Lagrangian mechanics, simple pendulum

[YauYauYau]

Homework Statement

A simple pendulum of length ξ and mass m is suspended from a point on the circumference of a thin massless disc of radius α that rotates with a constant angular velocity ω about its central axis as shown in Figure. Find the equation of motion of the mass m.

Homework Equations

L = T - V

The Attempt at a Solution

Firstly, I know I should find its x' and y' which representing its velocity.
i.e. T - V = 1/2 m ( x_dot ² + y_dot ² ) - mgy

However, I don't know where I should start with to find their x and y.

Thanks.

 

[drvrm]

The Attempt at a Solution

Firstly, I know I should find its x' and y' which representing its velocity.
i.e.

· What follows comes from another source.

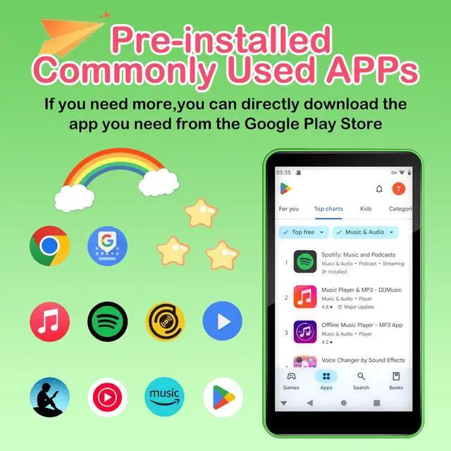 & entertainment: Download Netflix, Duolingo, Spotify, and educational apps on this Android 11 OS media player. Parent-approved content filters included. MP3 players suitable for teenagers aged 14 and above and adults ^^ 160GB Sports & Fitness Powerhouse Clip this ultra-lightweight ( 4.2 oz) MP3 player to gym gear! Stream wireless music via Bluetooth 5.0 or offline 160GB storage (32GB ROM + 128GB card) for workout playlists/running guides ^^ Preloaded Streaming + Offline Playback Pre-installed Spotify, YouTube Music, FM Radio & Audible. Download songs/stories via dual-band WiFi or play offline. Perfect for car rides, school zones, or no-signal areas ^^ Massive 160GB for Students & Teens Store 40, 000+ songs, 500+ HD videos, or years of academic podcasts/audiobooks. Share files via Bluetooth/WiFi Direct ideal for class projects or group study ^^ 10-Hour Battery + USB-C Fast Charging 2000mAh battery lasts all day (5hr video/10hr audio). Fully charges in 60 mins via USB-C use any phone charger/power bank. Play while charging during long flights/camping ^^ 4" HD Touchscreen + Military-Grade Parental Control Shock-resistant rubber frame and eye-protection display. Remotely block apps, set screen time limits, and filter explicit content via parental dashboard.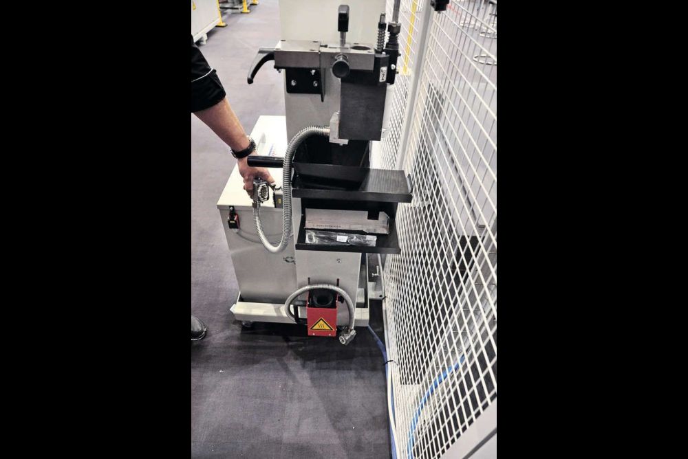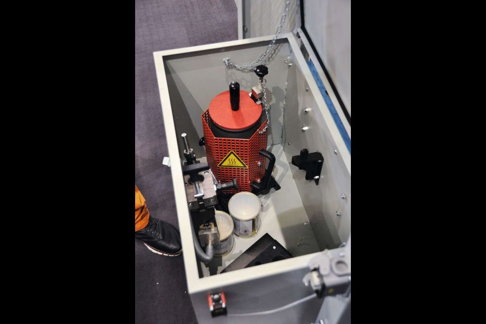 Am Stand der Arthur Bründler AG steuert de Lorenzo auf die grosse Kantenanleimmaschine von Ott zu. Dort interessiert er sich aber nicht für die Maschine, sondern für einen speziellen Rollwagen, der daneben steht. In einem klimatisierten Behälter können dort das PU-Leimaggregat und das Becken aufbewahrt werden, ohne dass sie vorher gereinigt werden müssen.

T - V = 1/2 m ( x_dot 2 + y_dot 2 ) - mgy

However, I don't know where I should start with to find their x and y.

Thanks.

first task would be to define the generalized coordinates q and velocities qdots and then proceed for defining the T and V.
your disk is in which plane and which is axis of rotation of the disk.

 

[YauYauYau]

first task would be to define the generalized coordinates q and qdots and then proceed for defining the T and V.

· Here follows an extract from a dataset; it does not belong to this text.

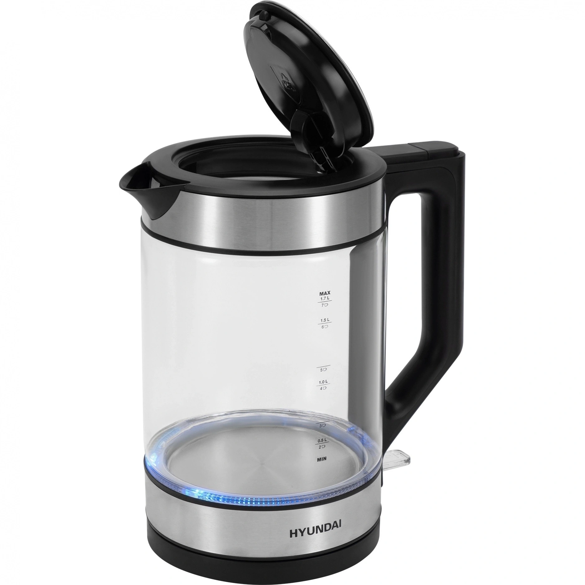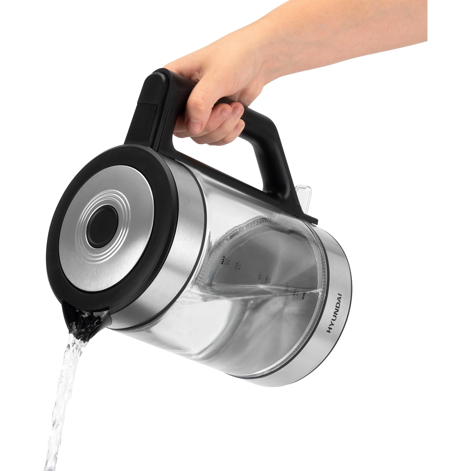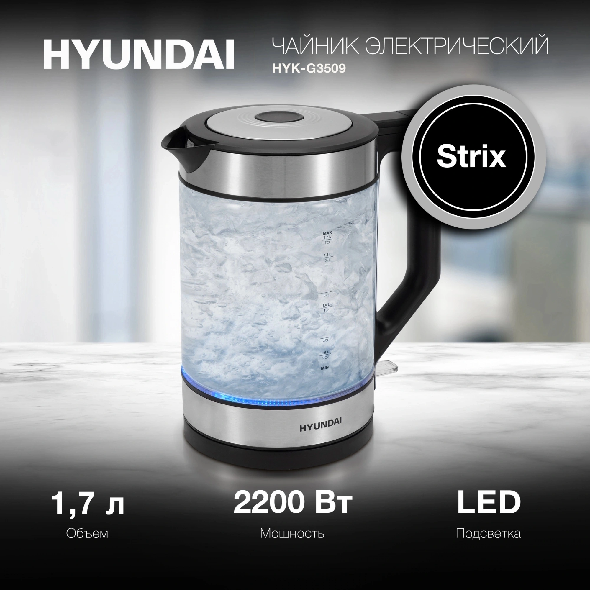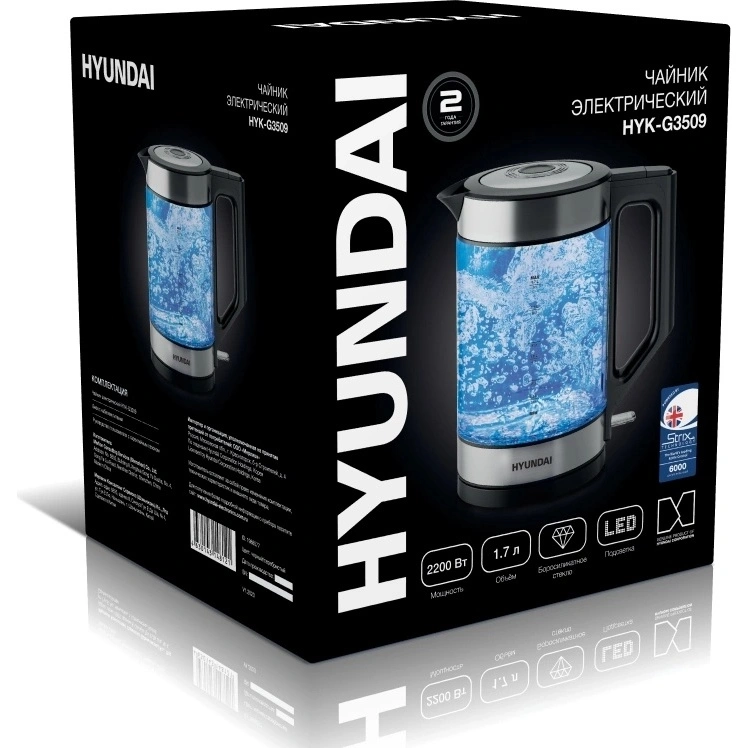 Электрический чайник Hyundai HYK-G3509 в элегантном сочетании черного матового пластика и прозрачного закаленного стекла – современный прибор, который станет не только надежным помощником на Вашей кухне, но и стильным акцентом в интерьере. Мощность в 2200 Вт гарантирует быстрый нагрев воды, а вместительный объем в 1.7 литра позволяет приготовить достаточно горячих напитков для всей семьи или компании друзей. Оснащен контрольной группой Strix(VnQ) - английским контроллером с дополнительной гарантией на 6000 циклов, что обеспечивает долгий срок службы. Скрытый нагревательный элемент способствует быстрому закипанию воды и облегчает уход за прибором. Сквозь прозрачные стенки корпуса видно количество налитой воды. Цветная подсветка выступает как индикатор работы и повышает эстетичность устройства. Hyundai HYK-G3509 оснащен фильтром от накипи, который обеспечит чистоту и превосходный вкус каждого напитка. Автоматическое отключение и защита от включения без воды гарантируют безопасность использования. Удобная подставка с вращением на 360 градусов и кнопка открытия крышки создают дополнительный комфорт при ежедневной эксплуатации.

But how can I define the generalized coordinates q and qdots?

 

[drvrm]

But how can I define the generalized coordinates q and qdots?

define usual coordinates as degrees of freedom permits -write any constraining equations...which are relations between coordinates or velocities.
then the gen. coordinates can be defined.
see your textbook

 

[drvrm]

But how can I define the generalized coordinates q and qdots?

your pendulum is hanging from a disk- so it will be at length L from the disk suppose you place your origin of coordinates at the centre of disk
and the axes X,Y,Z so the bob will lie at -z,x,y but as disl starts rotating the bob will start rotating in a circle and that circle will be a raised one , so at any instant the bob will be at x',y'z' .
the equation of constraint can be that sum of the squares of three coordinates will be equal to length square + rad of the disk squared.
if you choose an angle made by the thread with vertical the cosine of the angle will be z' /L... similarly other relations can follow and your degrees of freedom will be reduced- the motion may be described by one angle and its time rate of change.

 

[YauYauYau]

your pendulum is hanging from a disk- so it will be at length L from the disk suppose you place your origin of coordinates at the centre of disk
and the axes X,Y,Z so the bob will lie at -z,x,y but as disl starts rotating the bob will start rotating in a circle and that circle will be a raised one , so at any instant the bob will be at x',y'z' .
the equation of constraint can be that sum of the squares of three coordinates will be equal to length square + rad of the disk squared.
if you choose an angle made by the thread with vertical the cosine of the angle will be z' /L... similarly other relations can follow and your degrees of freedom will be reduced- the motion may be described by one angle and its time rate of change.

I try to begin the question with place origin of coordinates at the centre of the disk (x,y)
With the parameters of figures given,
for x, because ξsinθ ( the height of triangle formed by bob ) is longer than that of radius,
x = ξsinθ - a cos ωt
similarly, y = ξcosθ - a sin ωt

However, the answer is x = a cos ωt + ξ sin θ, y = a sin ωt - ξcosθ
Am I missing something?

If I just begin the problem that the disk rotates on the other side, I get the same answer as textbook.
Last night, I spent a night to watch youtube mechanics and vector teaching videos and read over my textbook but still I could not get the answer.
I am new to Mechanics. sorry for any annoying questions :'(